This course introduces the concept of Vintage & Cohort Performance Analysis within the Consumer LAP (Loan Against Property) Credit framework. It focuses on analysing portfolio performance trends based on origination periods, borrower cohorts, and exposure groupings to identify emerging risk patterns, behavioural shifts, and performance deterioration over time.
Learners will explore key assessment dimensions such as interpreting portfolio trends, governing early warning frameworks, evaluating collateral valuation quality, and overseeing legal and documentation checks, with an emphasis on independent validation and well-documented rationale. The course highlights how vintage and cohort analysis enables institutions to compare borrower behaviour across booking periods, underwriting regimes, market environments, and economic cycles. It also examines how these analytical approaches support early identification of deterioration trends, underwriting weaknesses, concentration risks, and changing borrower repayment dynamics within secured lending portfolios.

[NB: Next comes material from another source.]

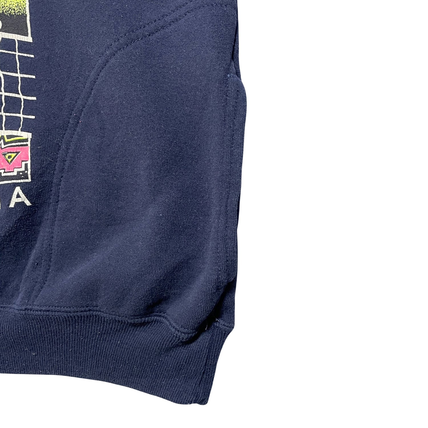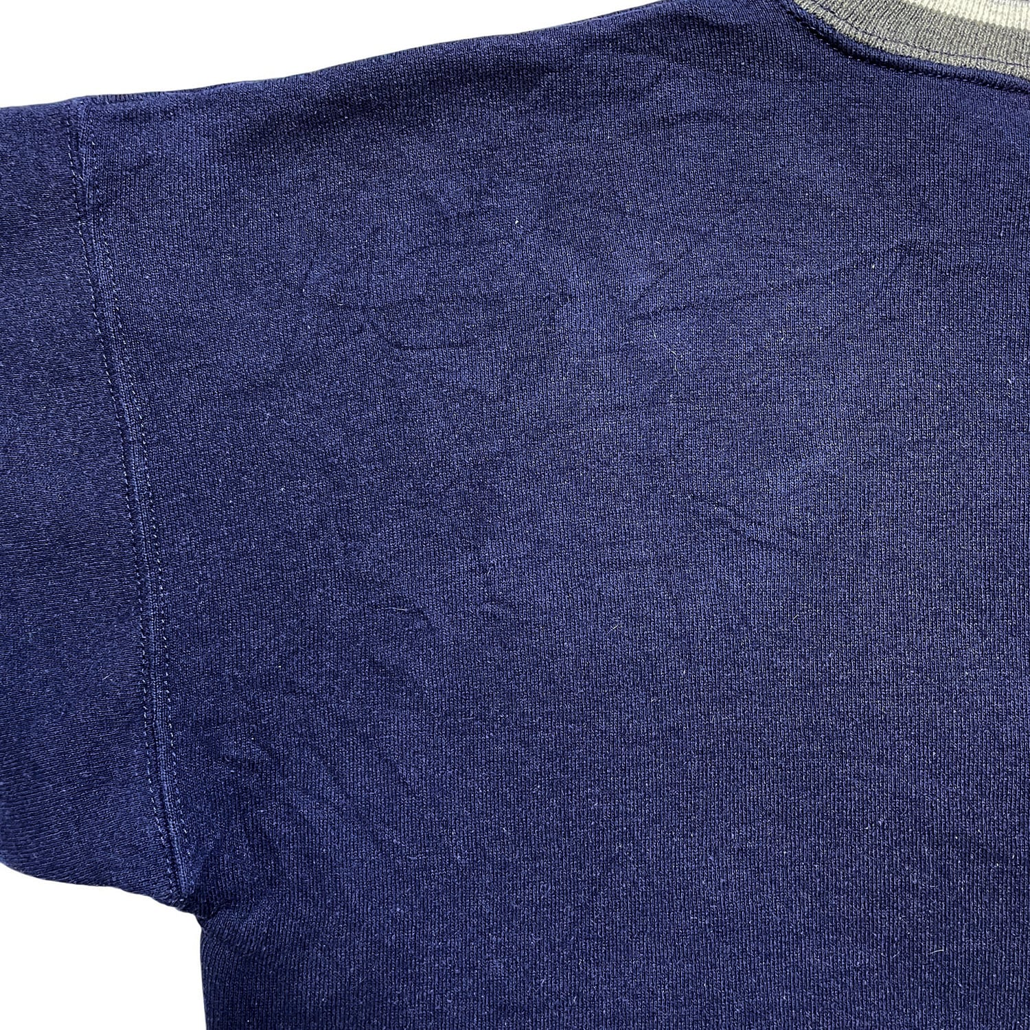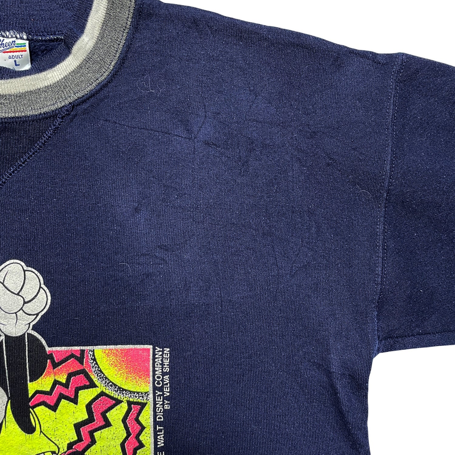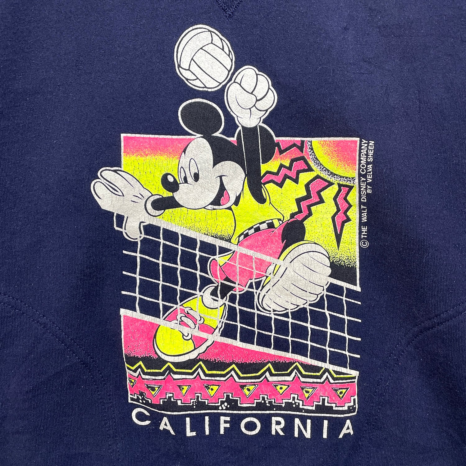 古着 USA製 90S Disney ディズニー ミッキーマウス ヴィンテージ クルーネック 前V スウェット トレーナー プリント ネイビー メンズL BD2973

The course distinguishes vintage and cohort performance analysis from broader portfolio diversification strategies, emphasizing its role in exposure-level monitoring, structured breach identification, trend-based performance assessment, and corrective action governance, whereas diversification strategies focus on balancing aggregate exposure concentrations across borrower segments, geographies, collateral types, and risk categories. Each requires distinct evidence standards, ownership, and approval authority.
By the end of the course, participants will understand how to design, interpret, and apply vintage and cohort performance analysis frameworks in practice, particularly within Early Warning, Monitoring, and Performance Signals functions. The course also emphasizes the role of the senior credit leader in setting portfolio limits, governing exception criteria, and driving strategic alignment across the Consumer LAP Credit function, ensuring proactive portfolio oversight, disciplined monitoring governance, and alignment with credit committee priorities.